LA PROMESA DE LA FLOR: En un hermoso bosque de cedros había un árbol a cuyos pies vivía una linda flor. Sus gruesas raíces la mantenían a salvo y su follaje la protegía del sol de verano. Pero la flor estaba triste; era la única flor hasta donde se podía ver en aquel lugar. Un día, acertó a pasar por ahí una abejita, zumbando de alegría. Al ver a nuestra flor se asombró de su belleza y con mucho respeto, se acercó.

-Flor de gran hermosura, que haces aquí sola en la espesura? La flor, halagada, le contó a la atenta abejita de su tristeza. Conversaron por mucho tiempo, hasta que la abeja sintió que era hora de regresar a su panal. -Me esperan en casa. Debo marcharme. La flor se asustó mucho pues pensó que perdería para siempre a su nueva amiga. Pero grande fue su alegría cuando la abeja le dijo que volvería al día siguiente. -Aquí te esperaré. Y como agradecimiento por fijarte en mi te prometo que guardaré lo mejor de mi polen para cuando regreses. La abejita se despidió zumbando con renovada alegría. A partir de entonces volvía todos los días a conversar con la florecilla. Le contaba todo lo que pasaba al otro lado del bosque y mucho más allá, de las maravillas que existían pasando sus linderos y de los tantos campos de flores como ella, que se mecían al son del viento al atardecer.

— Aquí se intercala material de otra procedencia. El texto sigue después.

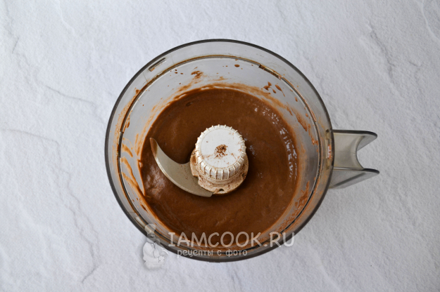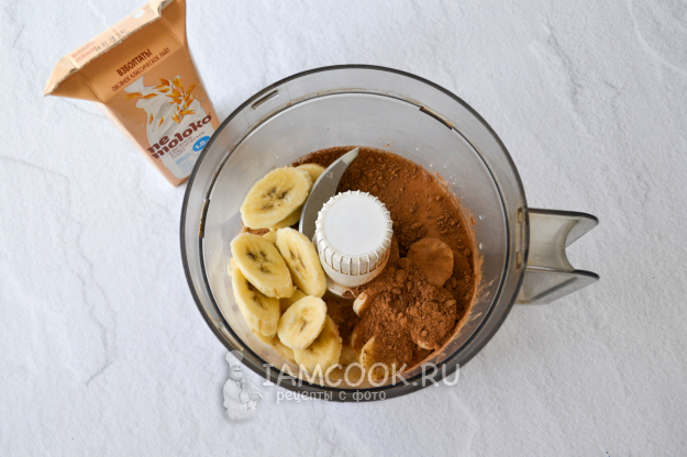 Замороженные кружочки банана переложите с доски в чашу измельчителя, влейте овсяное молоко и добавьте какао-порошок.
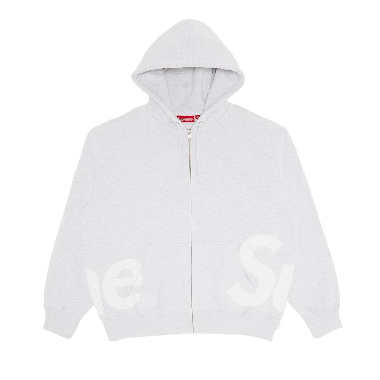 Supreme Big Logo Zip Up Hooded Sweatshirt Ash Grey
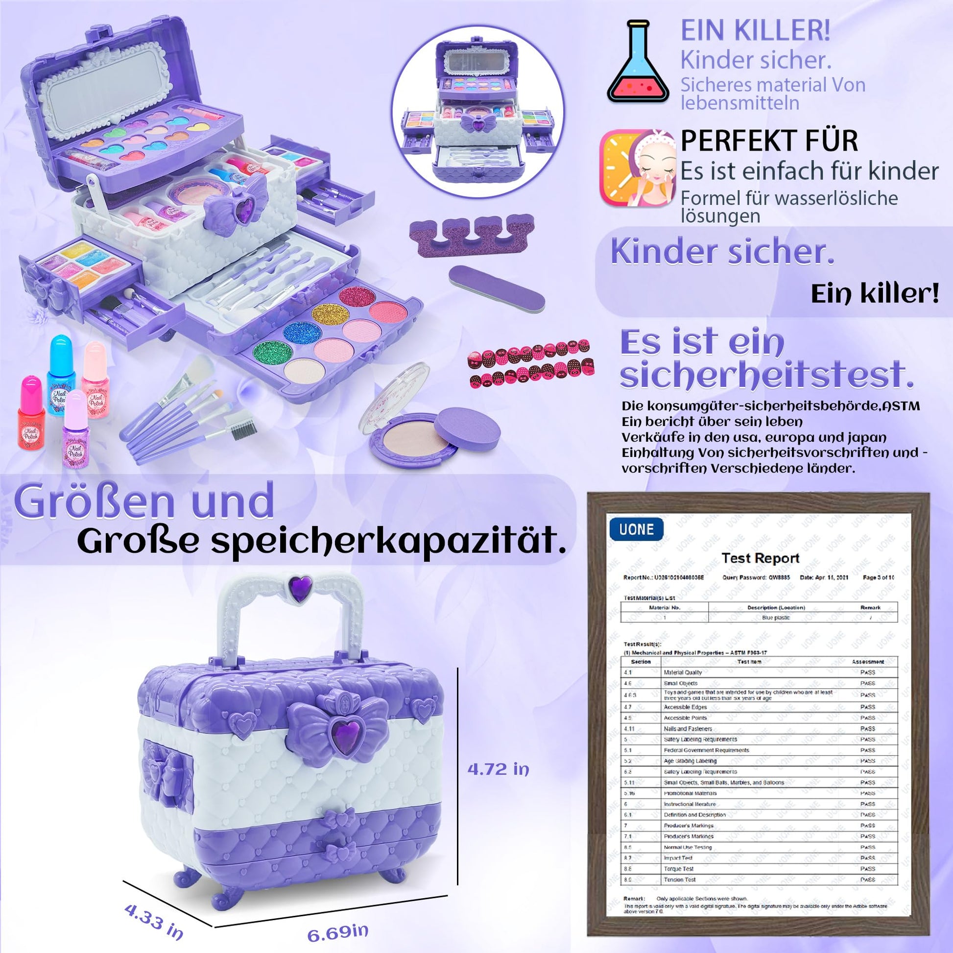 🍇【Safe for Children Washable Makeup Kit Girls】Our children's makeup sets are made of safe, water-soluble materials, makeup kit for girls that can be washed off with soap and water, do not irritate, and are perfect for children's skin. No matter if she carefully applies the makeup or just has fun painting colors on her entire face, parents rely on the gentle ingredients of this kit.",
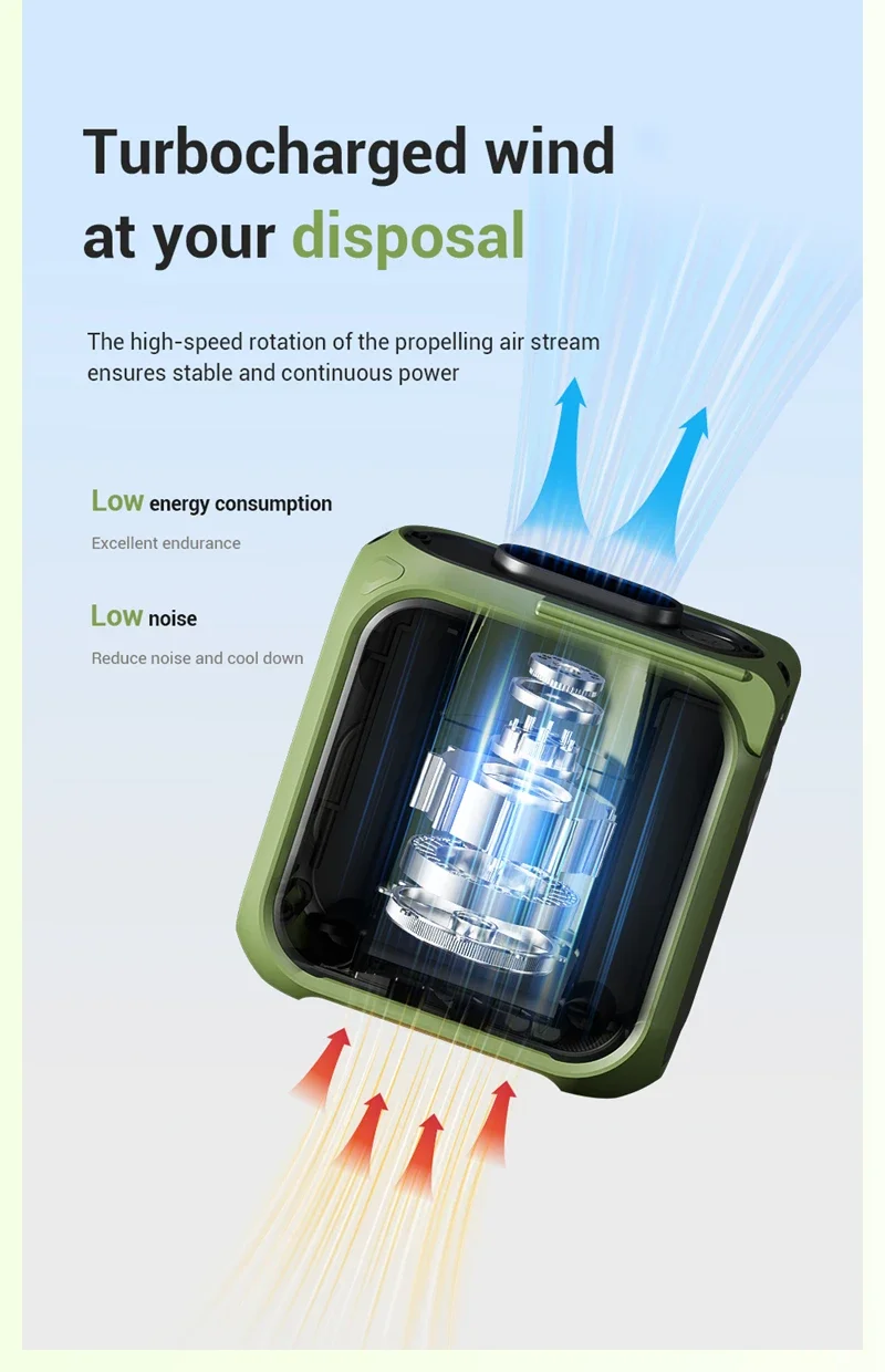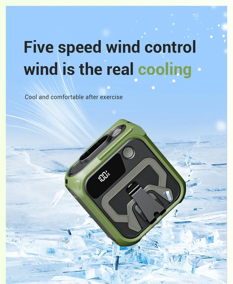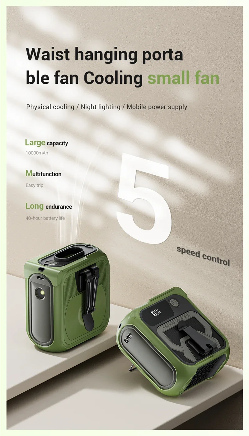 Xiaomi Portable Waist Fan Rechargeable Hands Free Wearable Clip Fan with LED Light for Outdoor Camping Hiking Indoor Strong Wind
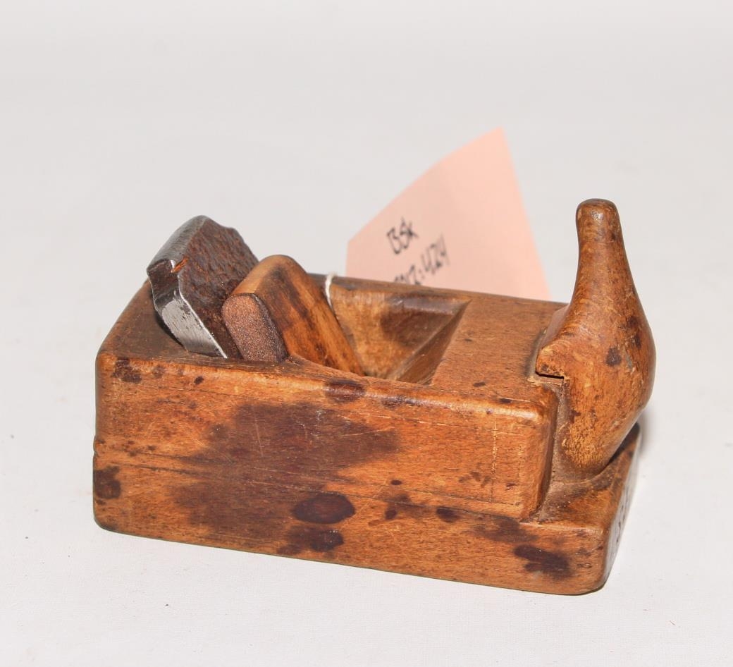 Hefill úr tré með járnblaði. L. 8 cm. Br. 3,5 cm. H. 3 cm. Járnblaðið/tönnin er fest með tréspjaldi sem heldur við og er skorðað á milli. Tönnin er mjög beitt. Handsmíðaður. Á endum eru stafirnir SJ þrykktir í.
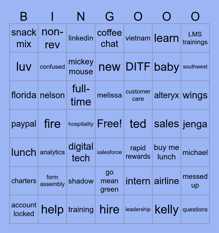 This bingo card has a free space and 48 words: intern, baby, hire, fire, full-time, jenga, non-rev, help, learn, salesforce, LMS trainings, coffee chat, alteryx, customer care, charters, sales, luv, southwest, airline, vietnam, DITF, hospitality, snack mix, confused, messed up, mickey mouse, wings, account locked, melissa, nelson, kelly, ted, michael, form assembly, paypal, rapid rewards, buy me lunch, florida, digital tech, shadow, lunch, questions, linkedin, training, new, go mean green, analytics and leadership.
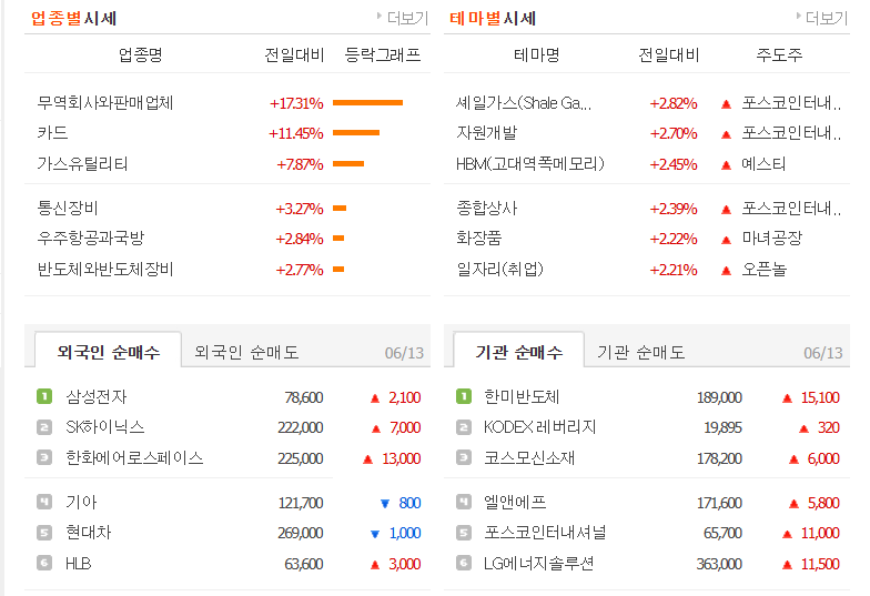 오늘은 미증시 영향으로 반도체 섹터, 화장품, 우주항공, 가스관련주가 상승을 했습니다.
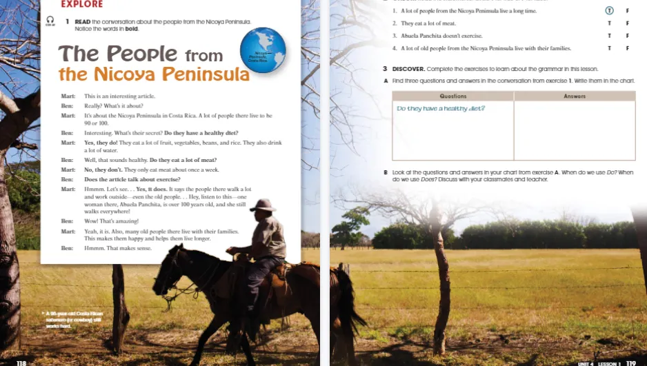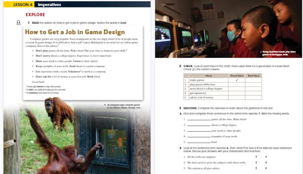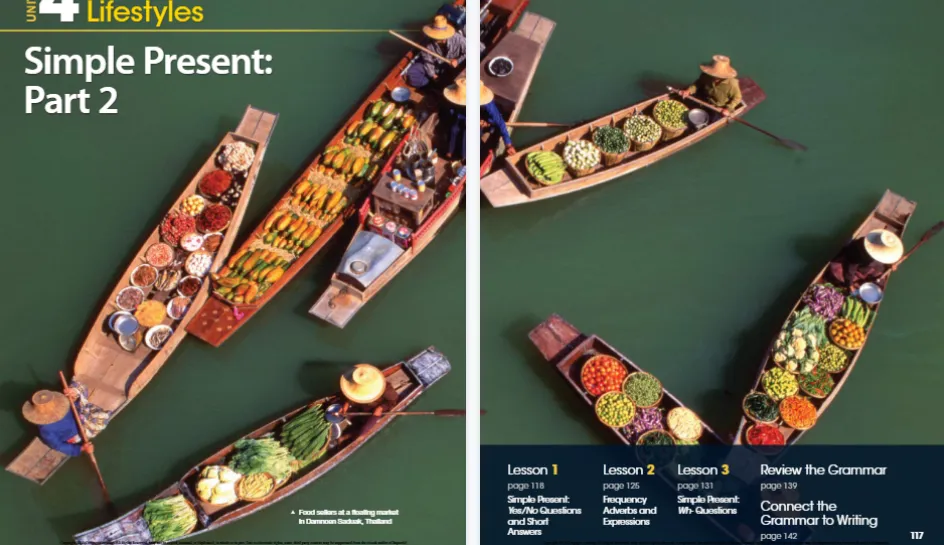 Grammer Explorer这份教材真真正正做到了“寓教于乐”;在学习语法上,他不会直接扔给孩子语法公式,而是先给出一篇篇带国家地理高清图的短文,内容涵盖极地动物、雨林生态、人文故事,孩子读得入迷时,自然会接触到各种语法结构。
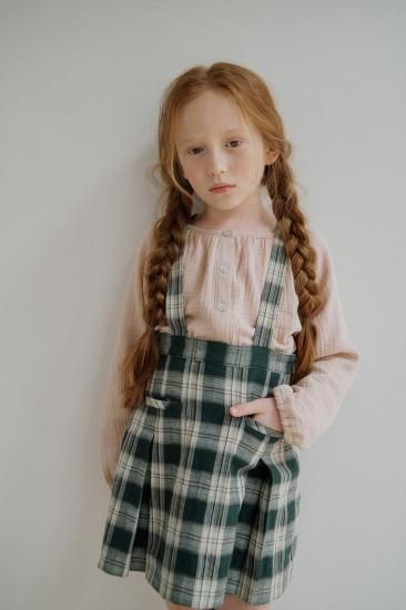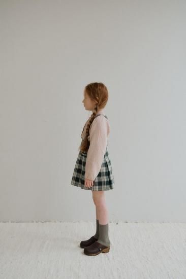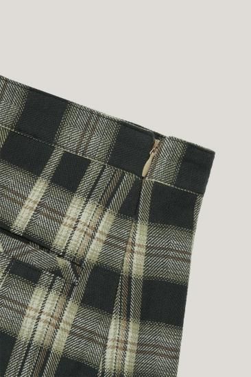 の存在感があります。 クラシックなチェック柄とハイウエストフィットの控えめなラインが合わさり、
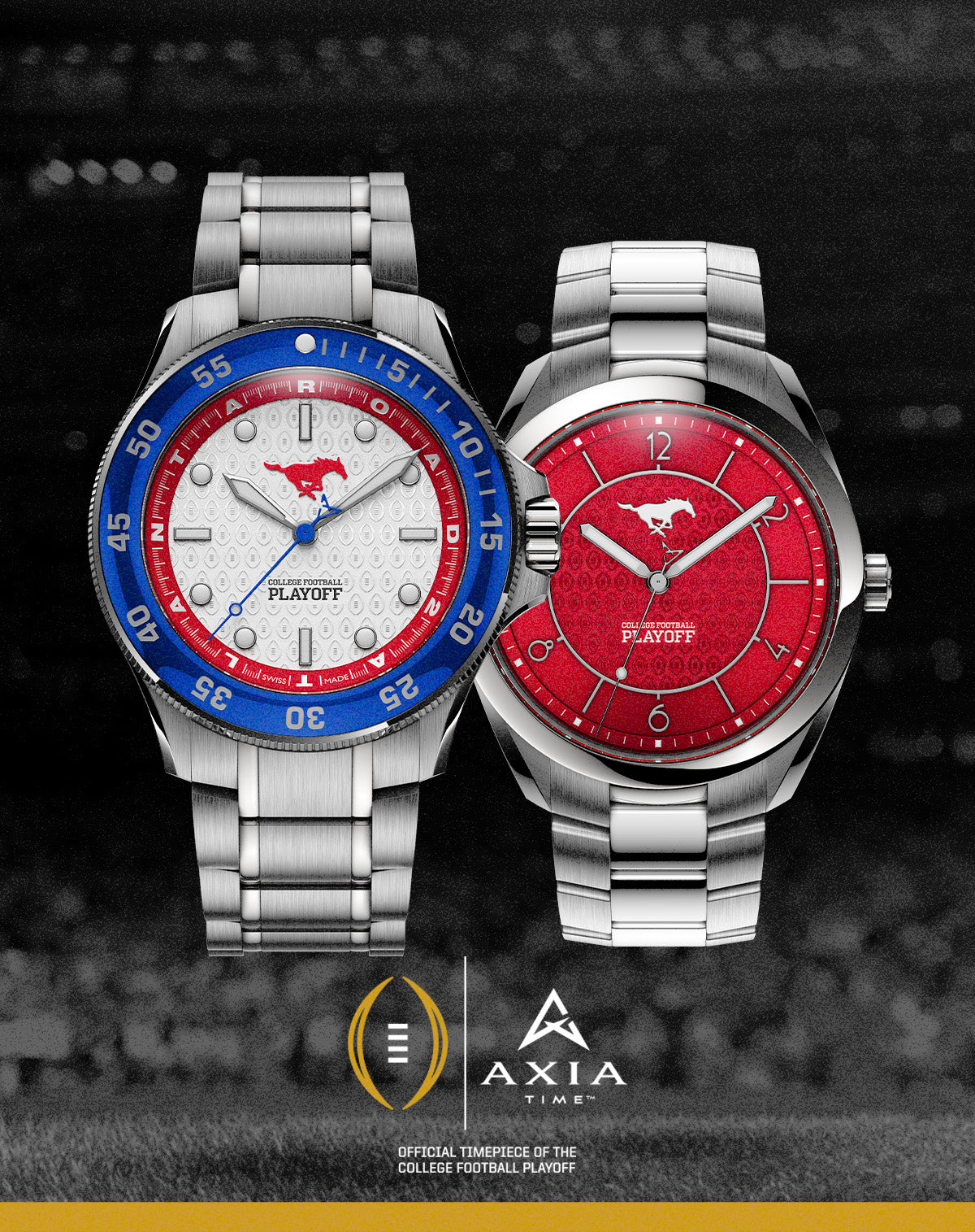 We go the extra mile with commemorative designs to celebrate – and elevate – what's important to you. Customizations for the CFP 2024-25 SMU Argos includes a matte white dial with a red Mustang logo at 12 o'clock, an etched repeating pattern with CFP logo, the College Football Playoff wordmark on the lower half of the dial, and "ROAD 2 ATLANTA" on the red chapter ring
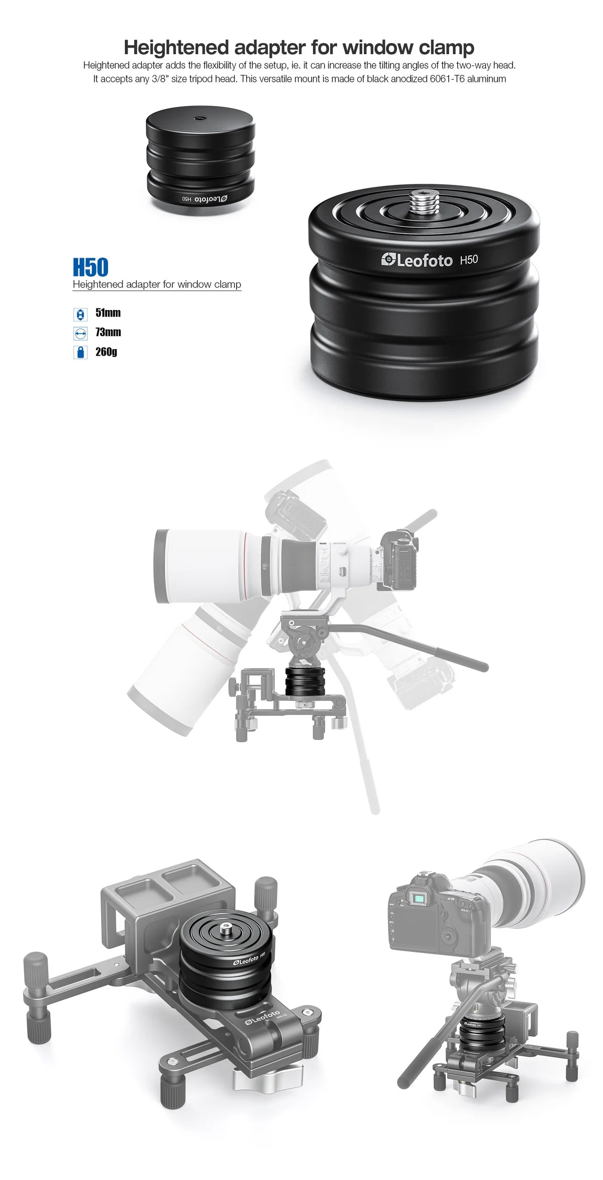 The H50 is a 51mm tall adapter that accepts 3/8th mounting. There is a 3/8th stud on top and a 3/8th mounting socket on the bottom. It's made of black anodized 6061-T6 aluminum.
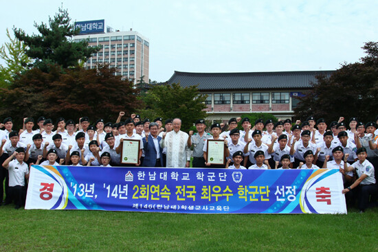 한남대는 대전 육군교육사령부에서 열린 '2014년도 성과분석회의'에서 전국 최우수 학군단으로 선정됐다고 15일 밝혔다. 한남대 학군단은 지난 2010년 종합우수를 시작으로 2011년 최우수, 2012년 종합우수, 2013년 최우수에 선정됐다.
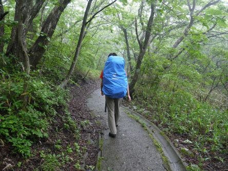 雨が降っているため、滑りやすい道を注意しながら下っていきます。
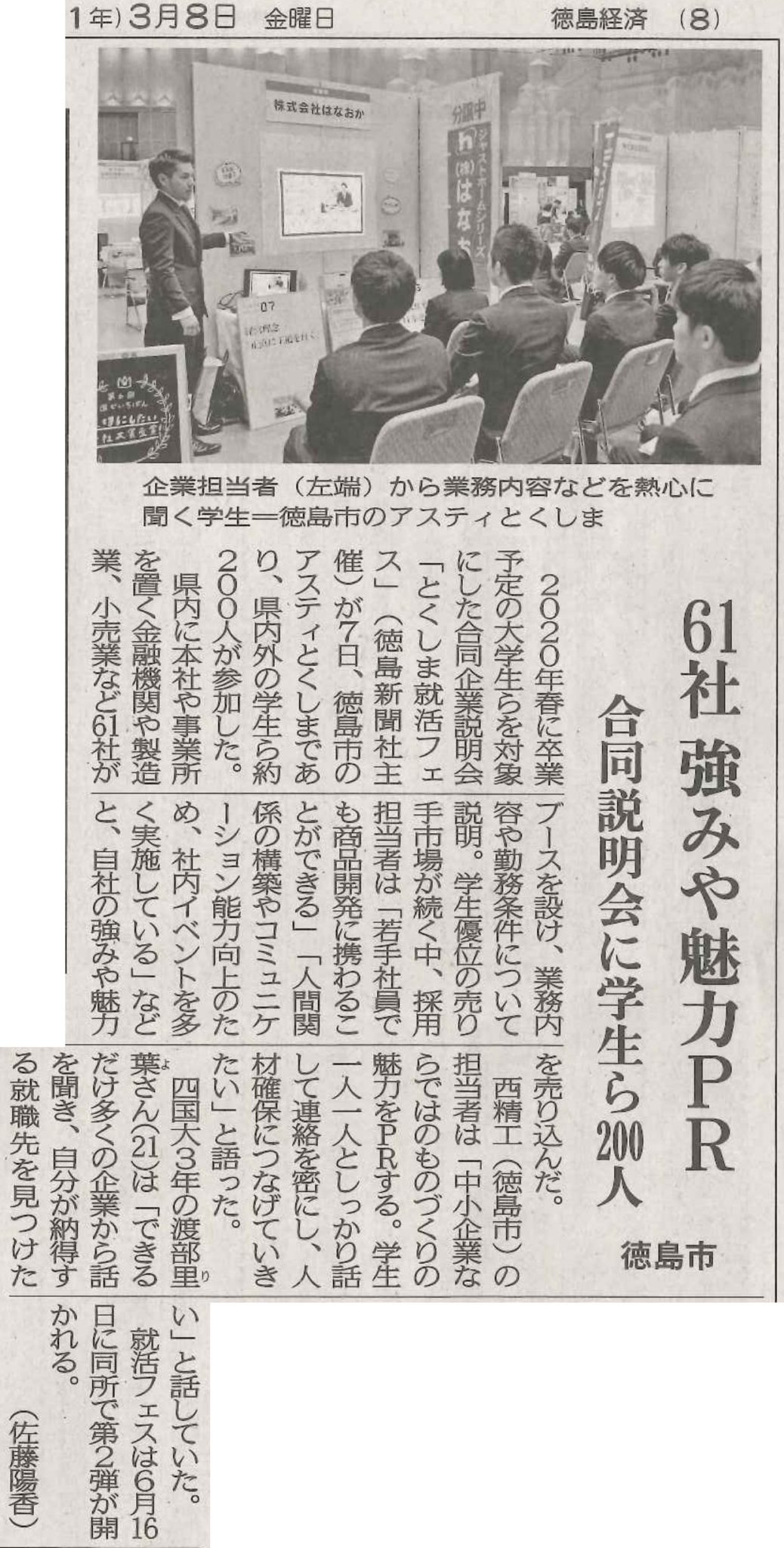 3月7日(木)にアスティとくしまで開催された「とくしま就活フェス」の記事が徳島新聞に掲載され、はなおかブースの写真が掲載されました。

Pero un día la abejita no regresó. -No tardará – se repetía la flor a sí misma. -Debe haberse perdido. Mientras tanto, en el árbol que daba sombra a la flor vivía un malvado abejorro, ansioso de llevarse el delicioso polen tan cuidadosamente reservado. Viendo que la abeja no regresaba, bajó con zumbido atronador de su hoyo y con gran altanería le dijo a nuestra flor: -Esa abeja no regresará nunca más, querida florcita. Dame ese polen a mi; alíviate de tu carga y olvídate de la abeja. -Ella volverá – le respondió la flor, indignada – y sólo a ella le entregaré el polen, tal como se lo prometí. El abejorro, ofuscado, se elevó a gran velocidad hasta su hoyo, en lo más alto del tronco. Pero la abeja tampoco regresó al día siguiente, ni al otro. Una gran tristeza embargaba a la flor, que sin embargo resistía a la insistencia del insolente abejorro que todos los días exigía su cargamento de dulce polen. Un día, un zumbido muy familiar sorprendió a la florecilla, haciendo vibrar sus pétalos de alegría. Era su amiga la abeja que por fin regresaba. -Uf!, uf! – bufaba la abeja, que a duras penas pudo posarse sobre un pétalo de su amiga – Amiga flor, lamento haber tardado tanto tiempo en volver. Seguramente no me habrás extrañado mucho… La flor estaba a punto de preguntarle qué le había sucedido, cuando distinguió que una de sus alitas estaba rasgada. Con una mirada de profunda admiración y gratitud le dijo: -¡Cómo no extrañarte, abejita! A pesar de todo volviste y por eso te viviré eternamente agradecida. Y mostrándole el delicioso polen que le había guardado, añadió: -Este polen lo reservé sólo para ti. Tómalo, descansa y alíviate aquí por esta noche. No puedes volar así, estando próximo a anochecer. Así lo hizo la abejita y al amanecer del día siguiente, totalmente curada, volvió a su panal. A partir de entonces nunca más volvió a faltar a una cita con su gran amiga. ¿Y el abejorro? Pues les contaremos que cogió sus maletas y huyó zumbando apenas se enteró de que un vistoso pájaro carpintero había decidido hospedarse en su árbol. Y así, zumbando zumbando, este cuento va terminando. FIN.